### INFORMATION SHOWN

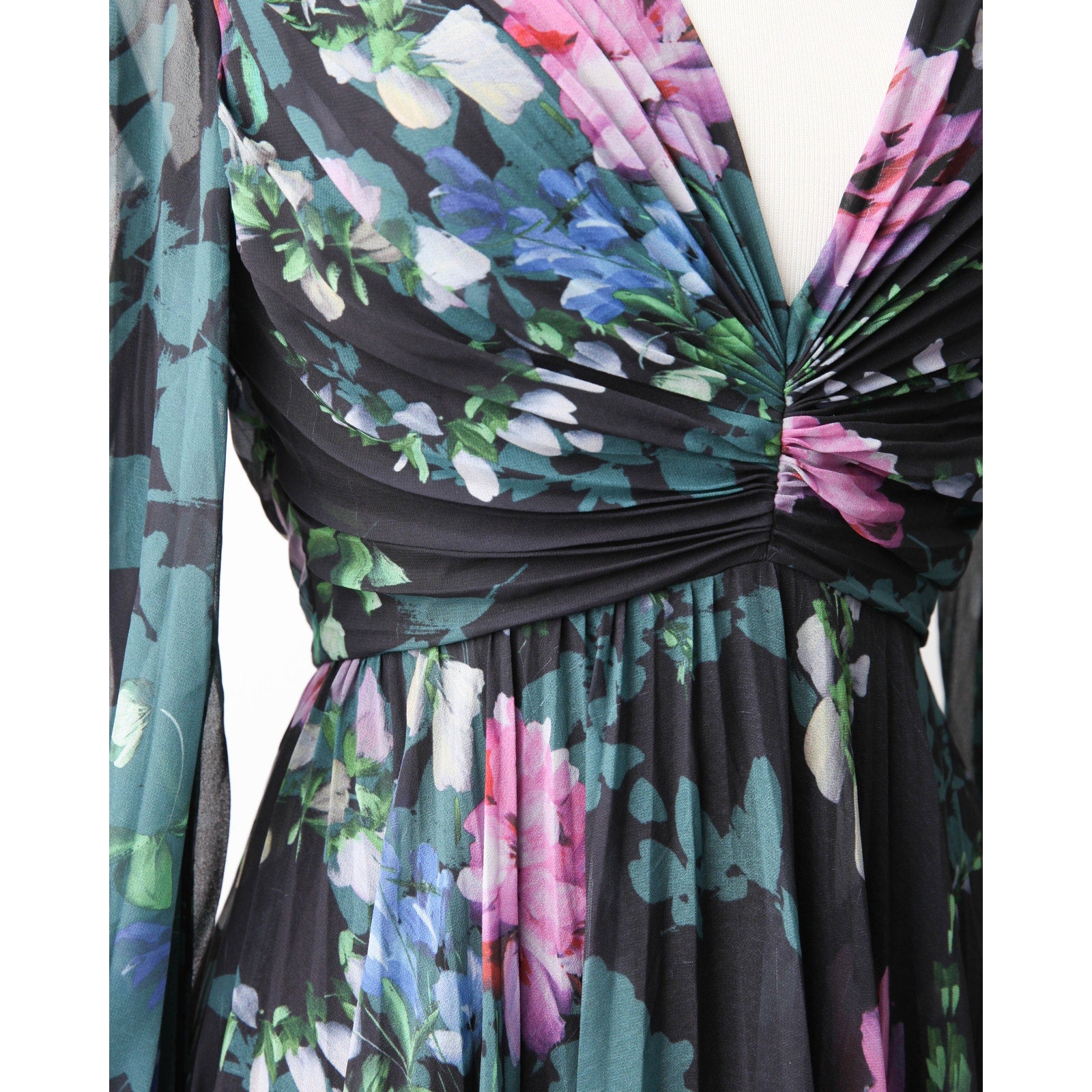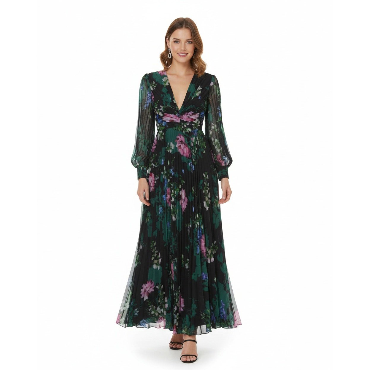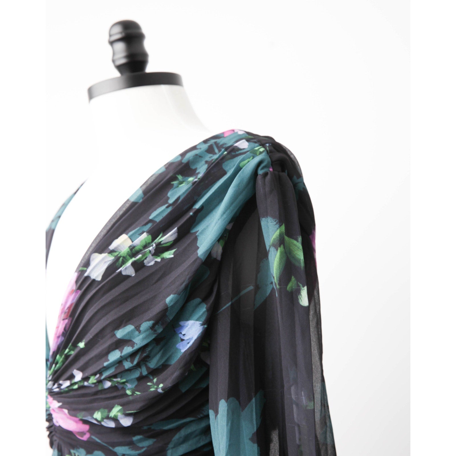 Ruffles and pleats compete for attention in this stunning gown by Badgley Mischka, blending elegance with bold femininity. Crafted from floral-printed polyester, this piece offers a refined silhouette with romantic texture and timeless appeal — perfect for evening events or formal occasions.
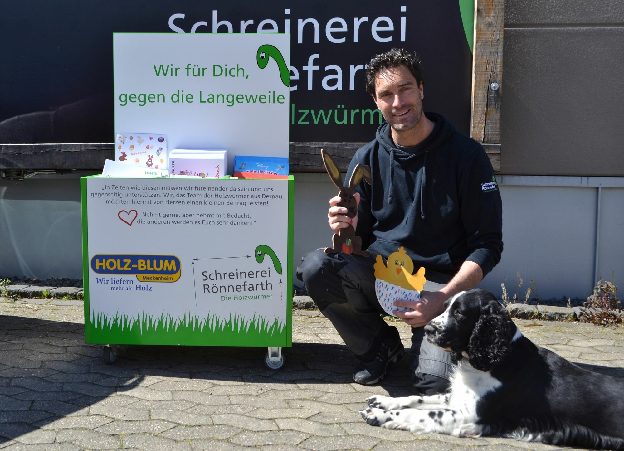 Geld möchten die Macher ausdrücklich keines bekommen. "Aber die Kinder haben viel extra für die 'Holzwürmer' gebastelt." Rund 7.500 Osterhasen aus Holz hat das Team der Schreinerei inzwischen ausgesägt. "Das war so nicht geplant", erklärt der Chef schmunzelnd. Anfangs funktionierte das noch neben dem laufenden Betrieb. Doch irgendwann mussten die Schreiner dann doch zwei Arbeitstage für die Aktion einlegen. Neben Holz Blum hat Rönnefarth inzwischen weitere Firmen ins Boot geholt. Die Ahrweiler Firma Jansen hat 300 Döschen Lack zum Bemalen der Hasen beigesteuert, die Firma Würth Stifte und Malbücher. Das Rheinbacher "Eiswerk" möchte Eisgutscheine spenden. "Und ich weiß, dass auch noch Malkästen kommen werden", verrät Rönnefarth. Weitere Unterstützer sind willkommen. Inzwischen haben andere Schreinereien das Konzept übernommen. "Ein Schreiner aus Bornheim rief mich an und fragte, ob er das ohne Veränderungen übernehmen kann. Das habt mich gefreut", berichtet Maik Rönnefarth, der das Konzept nun auch dem Fachverband Leben Raum Gestaltung Hessen/Rheinland-Pfalz überlassen hat.
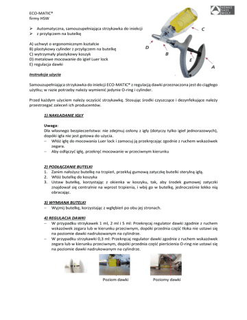 ECO-MATIC® firmy HSW Automatyczna, samouzupełniająca strzykawka do iniekcji z przyłączem na butelkę A) uchwyt o ergonomicznym kształcie B) plastykowy cylinder z przyłączem na butelkę C) wytrzymały plastykowy koszyk D) metalowe mocowanie do igieł Luer lock E) regulacja dawki Instrukcja użycia Samouzupełniająca strzykawka do iniekcji ECO-MATIC® z regulacją dawki przeznaczona jest do ciągłego użytku; w razie potrzeby należy wymienić jedynie O-ring i cylinder. Przed każdym użyciem należy oczyścić strzykawkę. Stosując środki czyszczące i dezynfekujące należy przestrzegać zaleceń ich producentów. 1) NAKŁADANIE IGŁY Uwaga: Dla własnego bezpieczeństwa: nie zdejmuj osłony z igły (dotyczy tylko igieł jednorazowych), dopóki igła nie jest gotowa do użycia. − Włóż igłę do mocowania Luer lock i zamocuj ją przekręcając zgodnie z ruchem wskazówek zegara. − Aby odłączyć igłę, przekręć mocowanie w przeciwnym kierunku 2) PODŁĄCZANIE BUTELKI 1. Zanim nałożysz butelkę na trzpień, przekłuj gumową zatyczkę butelki sterylną igłą. 2. Włóż butelkę do koszyka 3. Ustaw butelkę, korzystając z okienka w koszyku, tak, aby środek gumowej zatyczki znajdował się centralnie na wprost trzpienia, i wbij go w butelkę, jednocześnie lekko nią obracając. 3) WYMIANA BUTELKI − Wyjmij butelkę, korzystając z wgłębień po obu jej stronach. 4) REGULACJA DAWKI − W przypadku strzykawek 1 ml, 2 ml i 5 ml: Przekręcaj regulator dawki zgodnie z ruchem wskazówek zegara lub w kierunku przeciwnym, dopóki przednia część tłoka nie ustawi się na poziomie dawki nadrukowanym na cylindrze. − W przypadku strzykawki 0,3 ml: Przekręcaj regulator dawki zgodnie z ruchem wskazówek zegara lub w kierunku przeciwnym, dopóki przednia część pierścienia O-ring nie ustawi się na poziomie dawki nadrukowanym na cylindrze. Poziom dawki Poziomy dawki 5) NAPEŁNIANIE ECO-MATIC® 1. Zdejmij osłonę z igły. 2. Trzymaj ECO-MATIC® lekko nachylony, uważając, aby trzpień znajdował się poniżej poziomu płynu w celu uniknięcia zassania powietrza do cylindra. 3. Ściśnij regulowany uchwyt i następnie puść go szybko, aby strzykawka naciągnęła płyn do cylindra. 4. Aby usunąć pęcherzyki powietrza w cylindrze, powtarzaj krok (c). 5. Aby napełnić strzykawkę i przygotować się do iniekcji, upewnij się, że strzykawka jest ustawiona na poziom 0,3 ml (w przypadku strzykawki 0,3 ml) lub 0,5 ml (w przypadku strzykawki 1 ml), aby przygotować ją do pierwszego użycia, i że nie widać w niej żadnych pęcherzyków powietrza. Ustaw strzykawkę pionowo do góry i naciśnij tłok, aby wypchnąć pęcherzyki powietrza. Od tego momentu możesz ustawić dowolną dawkę. Wgłębienia – uchwyty Trzpień Okienko Stosowanie z gwintowanym adapterem do butelek gwintowanych: Przytrzymaj HSW ECO-MATIC® końcówką ssącą do dołu, i nakręć butelkę gwintowaną na adapter. dalej postępuj, jak opisano w kroku 5.2 Butelkę odłącza się wykonując powyższe czynności w odwrotnej kolejności. CZYNNOŚCI PO UŻYCIU ECO-MATIC® Usuń ze strzykawki wszelkie pozostałości materiału przepłukując ją dokładnie gorącą wodą z mieszaniną detergentu. Wypłucz starannie czystą, ciepłą wodą. Uwaga! Jeżeli zaobserwujesz, że po opisanym wyżej czyszczeniu strzykawka zaciąga powietrze, możliwe jest, że zawór z przodu metalowego zacisku jest zamknięty. Zawór ten można zwolnić stukając lekko przednią częścią strzykawki w np. krawędź stołu, i następnie przepłukując strzykawkę ciepłą wodą. DEZYNFEKCJA Przed każdym użyciem i po nim zaleca się zdezynfekowanie ECO-MATIC® oraz zapasu igieł i dysz. 1. Napełnij cylinder "gorącą" wodą, zasysając ją przy pomocy przyłączonej butelki z ciepłą wodą. 2. Zanurz całe urządzenie ECO-MATIC®, łącznie z igłami lub dyszami, w pojemniku z wodą, doprowadź wodę do wrzenia i wygotowuj przez czas do 20 minut. Najlepiej, jeżeli cylinder zostanie odłączony od uchwytu, a strzykawka będzie wygotowywana w stanie rozmontowanym. 3. Wyjmij ECO-MATIC® z pojemnika, owiń uchwyt ściereczką i naciskaj do całkowitego osuszenia. SMAROWANIE Odłącz plastykowy cylinder od uchwytu, przekręcając go. Nasmaruj tłok i szklany cylinder 100% czystym olejem tłoczonym na zimno lub równoważnym olejem roślinnym. Przestrzegaj instrukcji producenta dotyczących trwałości i okresu przechowywania. Nie stosuj olejów mineralnych, silikonu, WD-40, gliceryny ani alkoholu. Produkty ropopochodne mogą powodować stwardnienie tłoka, skracając jego okres przydatności do użycia.

######

Repeat the listing verbatim. Skip the pictures.

 Ruffles and pleats compete for attention in this stunning gown by Badgley Mischka, blending elegance with bold femininity. Crafted from floral-printed polyester, this piece offers a refined silhouette with romantic texture and timeless appeal — perfect for evening events or formal occasions.
 Geld möchten die Macher ausdrücklich keines bekommen. "Aber die Kinder haben viel extra für die 'Holzwürmer' gebastelt." Rund 7.500 Osterhasen aus Holz hat das Team der Schreinerei inzwischen ausgesägt. "Das war so nicht geplant", erklärt der Chef schmunzelnd. Anfangs funktionierte das noch neben dem laufenden Betrieb. Doch irgendwann mussten die Schreiner dann doch zwei Arbeitstage für die Aktion einlegen. Neben Holz Blum hat Rönnefarth inzwischen weitere Firmen ins Boot geholt. Die Ahrweiler Firma Jansen hat 300 Döschen Lack zum Bemalen der Hasen beigesteuert, die Firma Würth Stifte und Malbücher. Das Rheinbacher "Eiswerk" möchte Eisgutscheine spenden. "Und ich weiß, dass auch noch Malkästen kommen werden", verrät Rönnefarth. Weitere Unterstützer sind willkommen. Inzwischen haben andere Schreinereien das Konzept übernommen. "Ein Schreiner aus Bornheim rief mich an und fragte, ob er das ohne Veränderungen übernehmen kann. Das habt mich gefreut", berichtet Maik Rönnefarth, der das Konzept nun auch dem Fachverband Leben Raum Gestaltung Hessen/Rheinland-Pfalz überlassen hat.
 ECO-MATIC® firmy HSW Automatyczna, samouzupełniająca strzykawka do iniekcji z przyłączem na butelkę A) uchwyt o ergonomicznym kształcie B) plastykowy cylinder z przyłączem na butelkę C) wytrzymały plastykowy koszyk D) metalowe mocowanie do igieł Luer lock E) regulacja dawki Instrukcja użycia Samouzupełniająca strzykawka do iniekcji ECO-MATIC® z regulacją dawki przeznaczona jest do ciągłego użytku; w razie potrzeby należy wymienić jedynie O-ring i cylinder. Przed każdym użyciem należy oczyścić strzykawkę. Stosując środki czyszczące i dezynfekujące należy przestrzegać zaleceń ich producentów. 1) NAKŁADANIE IGŁY Uwaga: Dla własnego bezpieczeństwa: nie zdejmuj osłony z igły (dotyczy tylko igieł jednorazowych), dopóki igła nie jest gotowa do użycia. − Włóż igłę do mocowania Luer lock i zamocuj ją przekręcając zgodnie z ruchem wskazówek zegara. − Aby odłączyć igłę, przekręć mocowanie w przeciwnym kierunku 2) PODŁĄCZANIE BUTELKI 1. Zanim nałożysz butelkę na trzpień, przekłuj gumową zatyczkę butelki sterylną igłą. 2. Włóż butelkę do koszyka 3. Ustaw butelkę, korzystając z okienka w koszyku, tak, aby środek gumowej zatyczki znajdował się centralnie na wprost trzpienia, i wbij go w butelkę, jednocześnie lekko nią obracając. 3) WYMIANA BUTELKI − Wyjmij butelkę, korzystając z wgłębień po obu jej stronach. 4) REGULACJA DAWKI − W przypadku strzykawek 1 ml, 2 ml i 5 ml: Przekręcaj regulator dawki zgodnie z ruchem wskazówek zegara lub w kierunku przeciwnym, dopóki przednia część tłoka nie ustawi się na poziomie dawki nadrukowanym na cylindrze. − W przypadku strzykawki 0,3 ml: Przekręcaj regulator dawki zgodnie z ruchem wskazówek zegara lub w kierunku przeciwnym, dopóki przednia część pierścienia O-ring nie ustawi się na poziomie dawki nadrukowanym na cylindrze. Poziom dawki Poziomy dawki 5) NAPEŁNIANIE ECO-MATIC® 1. Zdejmij osłonę z igły. 2. Trzymaj ECO-MATIC® lekko nachylony, uważając, aby trzpień znajdował się poniżej poziomu płynu w celu uniknięcia zassania powietrza do cylindra. 3. Ściśnij regulowany uchwyt i następnie puść go szybko, aby strzykawka naciągnęła płyn do cylindra. 4. Aby usunąć pęcherzyki powietrza w cylindrze, powtarzaj krok (c). 5. Aby napełnić strzykawkę i przygotować się do iniekcji, upewnij się, że strzykawka jest ustawiona na poziom 0,3 ml (w przypadku strzykawki 0,3 ml) lub 0,5 ml (w przypadku strzykawki 1 ml), aby przygotować ją do pierwszego użycia, i że nie widać w niej żadnych pęcherzyków powietrza. Ustaw strzykawkę pionowo do góry i naciśnij tłok, aby wypchnąć pęcherzyki powietrza. Od tego momentu możesz ustawić dowolną dawkę. Wgłębienia – uchwyty Trzpień Okienko Stosowanie z gwintowanym adapterem do butelek gwintowanych: Przytrzymaj HSW ECO-MATIC® końcówką ssącą do dołu, i nakręć butelkę gwintowaną na adapter. dalej postępuj, jak opisano w kroku 5.2 Butelkę odłącza się wykonując powyższe czynności w odwrotnej kolejności. CZYNNOŚCI PO UŻYCIU ECO-MATIC® Usuń ze strzykawki wszelkie pozostałości materiału przepłukując ją dokładnie gorącą wodą z mieszaniną detergentu. Wypłucz starannie czystą, ciepłą wodą. Uwaga! Jeżeli zaobserwujesz, że po opisanym wyżej czyszczeniu strzykawka zaciąga powietrze, możliwe jest, że zawór z przodu metalowego zacisku jest zamknięty. Zawór ten można zwolnić stukając lekko przednią częścią strzykawki w np. krawędź stołu, i następnie przepłukując strzykawkę ciepłą wodą. DEZYNFEKCJA Przed każdym użyciem i po nim zaleca się zdezynfekowanie ECO-MATIC® oraz zapasu igieł i dysz. 1. Napełnij cylinder "gorącą" wodą, zasysając ją przy pomocy przyłączonej butelki z ciepłą wodą. 2. Zanurz całe urządzenie ECO-MATIC®, łącznie z igłami lub dyszami, w pojemniku z wodą, doprowadź wodę do wrzenia i wygotowuj przez czas do 20 minut. Najlepiej, jeżeli cylinder zostanie odłączony od uchwytu, a strzykawka będzie wygotowywana w stanie rozmontowanym. 3. Wyjmij ECO-MATIC® z pojemnika, owiń uchwyt ściereczką i naciskaj do całkowitego osuszenia. SMAROWANIE Odłącz plastykowy cylinder od uchwytu, przekręcając go. Nasmaruj tłok i szklany cylinder 100% czystym olejem tłoczonym na zimno lub równoważnym olejem roślinnym. Przestrzegaj instrukcji producenta dotyczących trwałości i okresu przechowywania. Nie stosuj olejów mineralnych, silikonu, WD-40, gliceryny ani alkoholu. Produkty ropopochodne mogą powodować stwardnienie tłoka, skracając jego okres przydatności do użycia.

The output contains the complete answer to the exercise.